Yakima spent more than $2 million on police overtime in 2023



(The Center Square) – The Yakima Police Department’s staffing shortage caused its officers to work overtime totaling more than $2 million in 2023.

According to an update from Yakima Police Chief Matthew Murray earlier this month, the department is down 24 police officers, creating a staffing crisis for Yakima.

In turn, the use of overtime for the department in 2023 totaled approximately $2.08 million, according to data collected by The Center Square.

The city noted that the $2.08 million could change slightly if prior period adjustments are submitted for time in 2023, or if any audits discover adjustments are needed.

Last year the department typically had eight police officers working throughout the city at a given time. It drops down to six officers overnight.

Since 2017, the Yakima Police Department has operated with an unusually high number of vacancies in its patrol division, according to the 2023-2024 budget. Overtime has been required to meet minimum staffing levels within the department since.

The $2.08 million spent on overtime nearly outweighs the $2.3 million dedicated to police operations in the city’s 2023 budget.

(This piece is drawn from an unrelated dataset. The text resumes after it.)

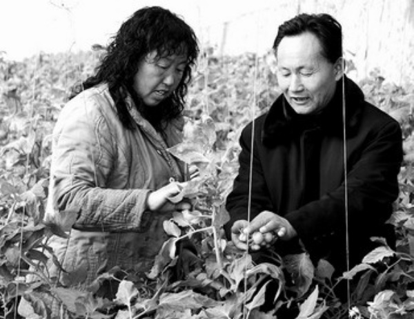 下图:呼和浩特市赛罕区金河镇跟堡村近日迎来了一批农业技术专家。图为村民(左)正在向专家请教冬季西红柿种植知识。

Despite minimal staffing, preliminary data from the Uniform Crime Report showed a decrease in crime throughout all categories, except for narcotics.

Through Dec. 20 of last year, there was a 13% decrease in aggravated assault, a 50% decrease in robberies, and a 26% drop in property damage, according to preliminary data.

The Yakima Police Department is currently facing a budget deficit of $1.2 million that is anticipated to reach $1.38 million in 2025. The Center Square previously reported on the city requiring all of its departments to identify significant reductions to reach a goal of $7.2 million in savings last year.

The Yakima Police Department is allotted about 44% of the city’s biennial budget. Salary and benefits represent 84% of the police department’s biennial budget, so cuts to its staff were proposed.

The Center Square reached out to city officials for comment on the $2.08 million used for overtime, but did not receive a response at the time of publication.